Мы не стали в него стрелять
Мы не стали в него стрелять
Мы заняли Крившичи после небольшой перестрелки. Боем это было назвать трудно. Правда, перед этим наша далекая артиллерия швырнула десяток горячих болванок 122-го калибра по их бронетранспортерам и вывела их из строя. Так что хорватам нечем было держать оборону. Я потом увидел эти их машины. У одной снарядом была вскрыта крыша в месте рулевого отсека так, что казалось, броню вскрыли огромной открывалкой для консервов. Внутри все сгорело. Я видел торчащий из золы кусок погона да кости. Ступни в ботинках не догорели, потому что были ниже. Это все, что осталось от водителя. Почему не догорел погон, было трудно понять.
Я и до войны не был особенно сентиментальным, а война вообще меня очерствила. Я посмотрел на вскрытый БТР, сплюнул и пошел дальше. Мы шли с бойцами прочесать Крившичи. Шли цепью с дистанцией метров десять друг от друга. Мы шли через обширный негустой сад.
Дорогу нам преградила каменная изгородь. На горных плато камень, конечно, самый дешевый материал. Все изгороди каменные.
– О, хрват лежал! – Мой сосед справа, усатый сержант, наклонился и рассматривал что-то на земле. Я подошел.

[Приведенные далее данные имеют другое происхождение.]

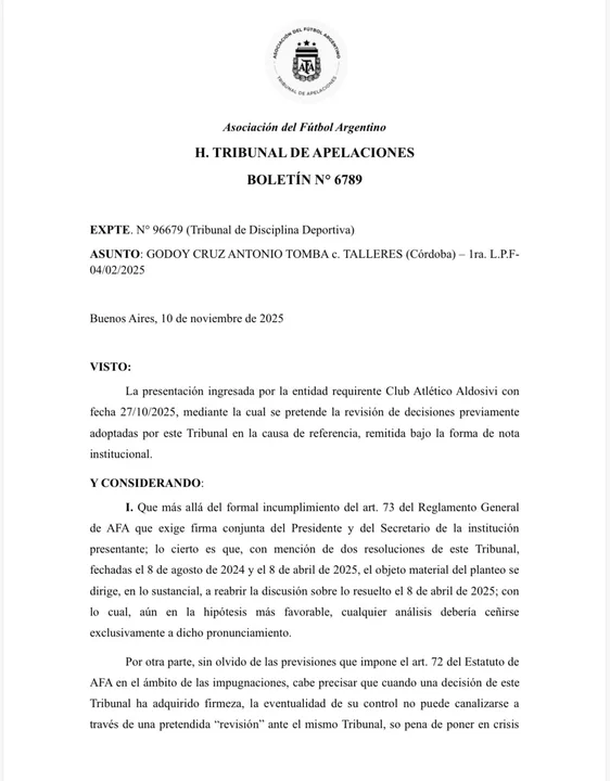 El Tribunal de Disciplina de la Asociación del Fútbol Argentino (AFA) resolvió rechazar el pedido presentado por Aldosivi de Mar del Plata para que se le quiten puntos a Godoy Cruz de Mendoza, en el marco de la lucha por la permanencia en Primera División. Según consta en el fallo fechado el 10 de noviembre, el Tribunal declaró improcedente la solicitud del club marplatense y dispuso el archivo de la causa, poniendo fin al reclamo.
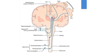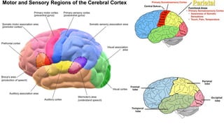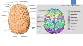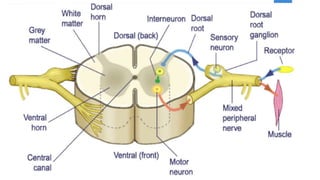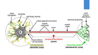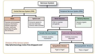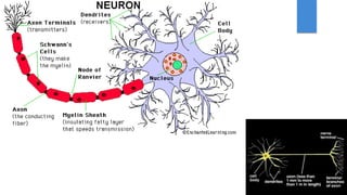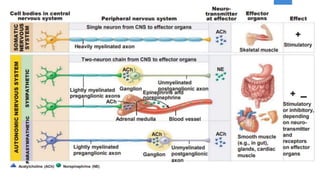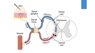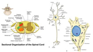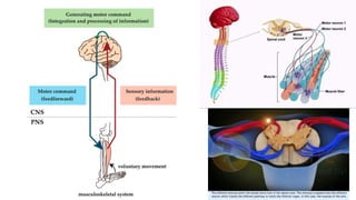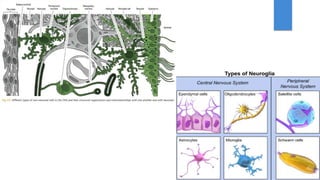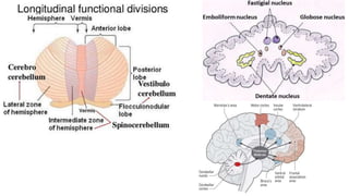 The document provides a comprehensive overview of the nervous system, detailing its structure, functions, and components, including the central and peripheral systems. It describes the different types of neurons, their classifications, cellular components, and functional aspects, such as neurotransmitters and synapses. Furthermore, it covers the brain's anatomical regions and roles, particularly highlighting the cerebellum and its subdivisions.
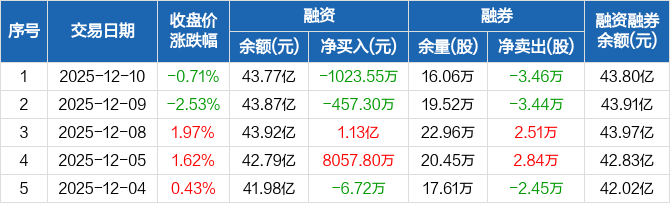 广发证券:融资净偿还1023.55万元,融资余额43.77亿元(12-10)
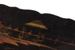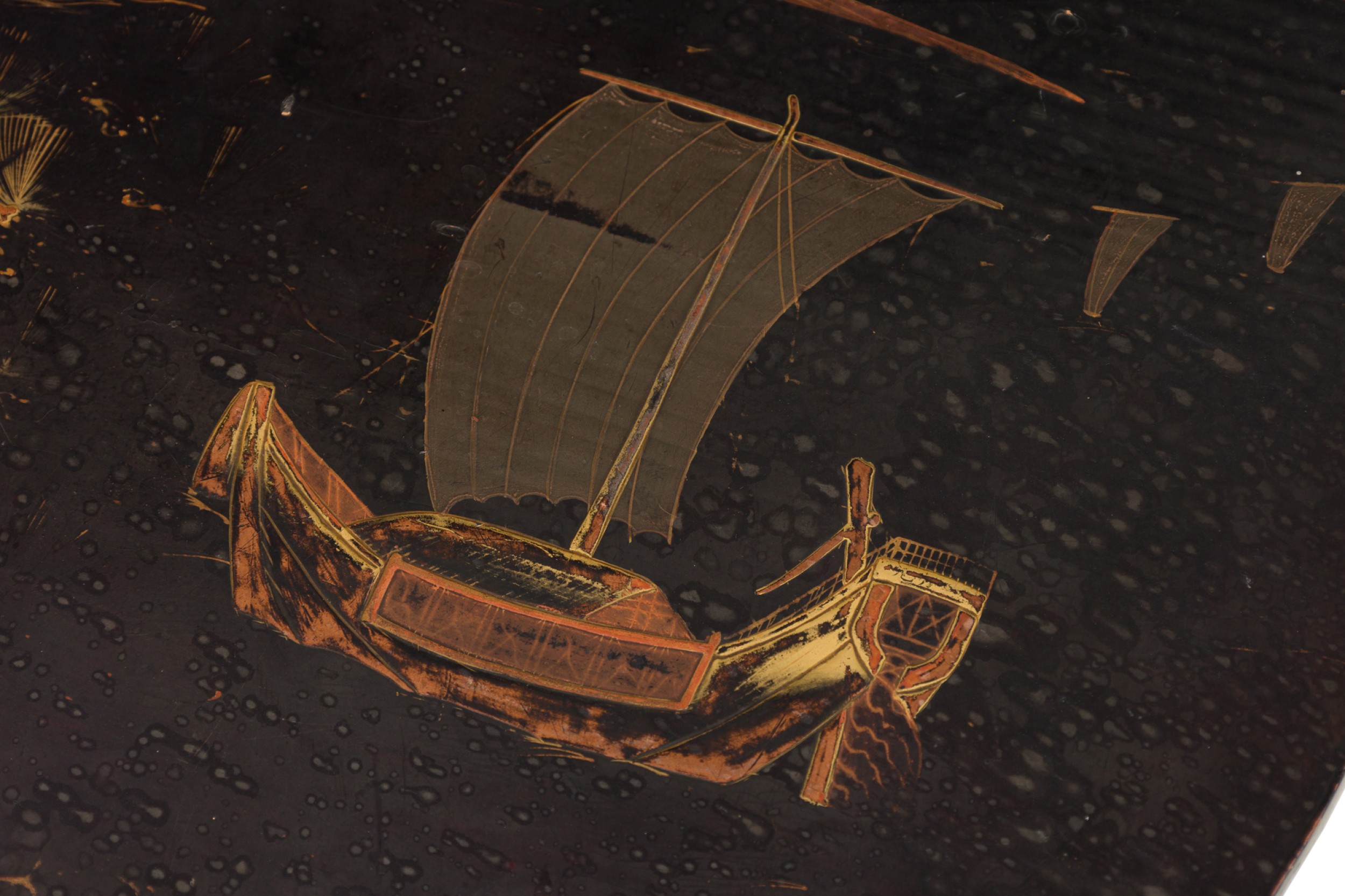 English George III Japanned tilt top end / side table featuring a tabletop with a scalloped edge decorated with a painted and gilt pastoral scene of boats on water with a mountain in the distance, resting on a turned pedestal with three shaped scroll form legs.
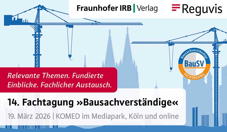 Am 19. März 2026 beleuchten hochkarätige Expertinnen und Experten aus Bautechnik und Baurecht auf der 14. Fachtagung »Bausachverständige« in Köln und online relevante Zukunftsthemen der Bausachverständigentätigkeit. Die jedes Jahr im Frühjahr stattfindende Fachtagung wird veranstaltet vom Fraunhofer-Informationszentrum Raum und Bau IRB sowie der Reguvis Akademie.
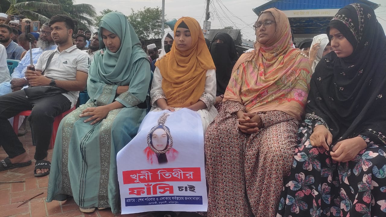 এ সময় উপস্থিত জনতার হৃদয় স্পর্শ করে নিহতের কন্যা তাহসিন আহমেদ ঝিলিকের বক্তব্য। হাতে ‘বাবার খুনি মা’ লেখা প্ল্যাকার্ড ও মায়ের ছবি উঁচিয়ে তিনি কান্নাভেজা কণ্ঠে বলেন, “আমি আমার বাবার হত্যাকারীর, আমার মায়ের, সর্বোচ্চ শাস্তি চাই – ফাঁসি চাই!” তার এ দাবিতে পুরো সভা জুড়ে আবেগঘন পরিবেশ সৃষ্টি হয়।
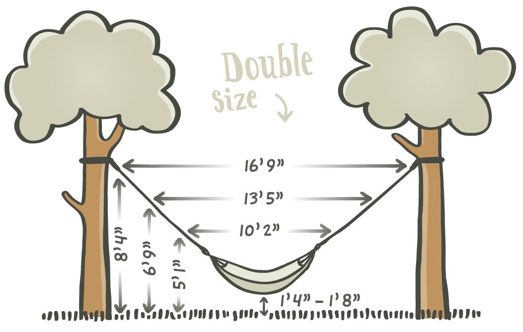 - When setting up your hammock, make sure to maintain the correct ratio between the distance and height of the attachment points. The hanging height should be approximately half of the hanging distance. If you increase the distance between the attachment points, you should also mount them higher accordingly.
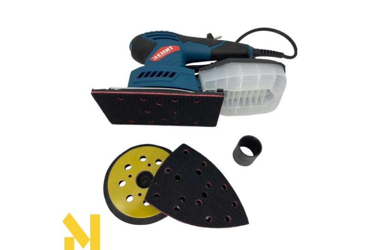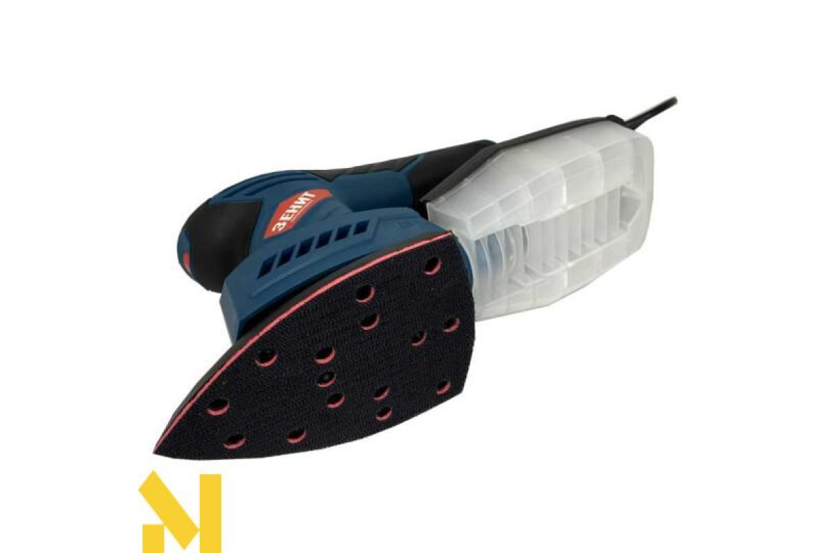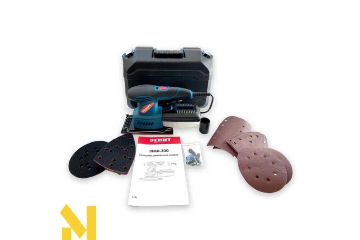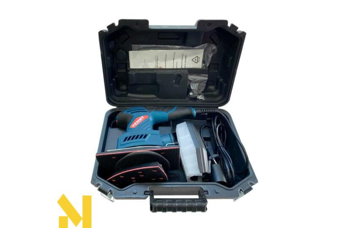 Шліфмашинка поставляється в пластиковому кейсі та в комплекті з контейнером для збору пилу, який легко витрушувати й чистити, а також з трьома типами насадок і набором абразивних листів в комплекті.
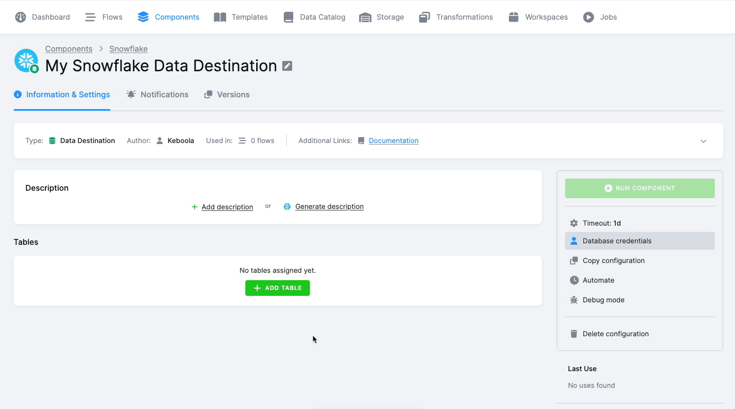 To simplify access to database credentials for Keboola-provisioned databases, we’ve removed the need to navigate to a separate credentials page. Instead, credentials are now shown in a modal directly within the component’s configuration interface.
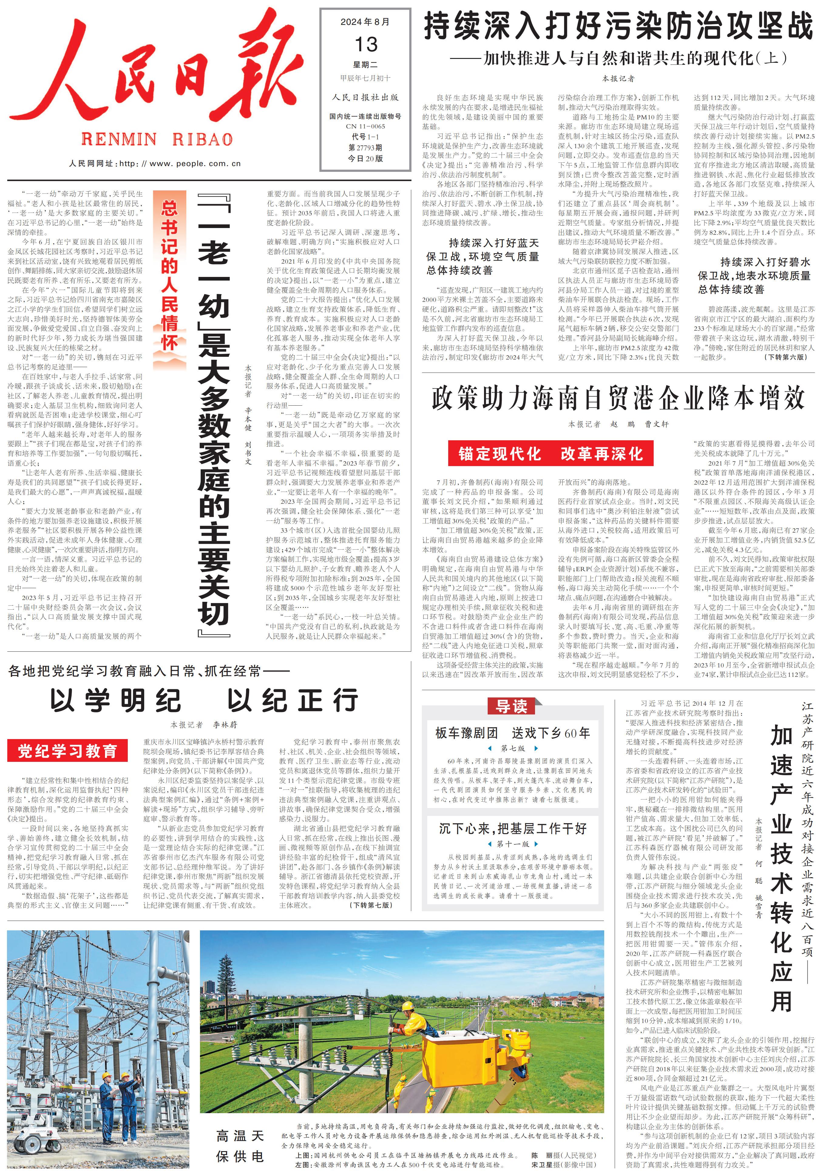 2024-08-13 22:18:05 来源:人民日报 作者:辛本健 刘书文原标题:总书记的人民情怀丨“‘一老一幼’是大多数家庭的主要关切”

Сержант указал дулом автомата на землю.
– Сигарки курил, германские, – поддел он дулом пустую пачку из-под сигарет. – Тушенку ел. – Сержант указал дулом на несколько пустых консервных банок, лежавших у камней ограды. – Забор разобрал, чтоб удобнее было по сербам палить.
Сержант огляделся. И довольно заулыбался.
– Гадить ходил под яблоню. – Автоматом сержант указал на соответствующее место. – Для вытирания хрватской задницы использовал туалетную бумагу.
К нам подошли еще двое солдат. Они стояли и смеялись.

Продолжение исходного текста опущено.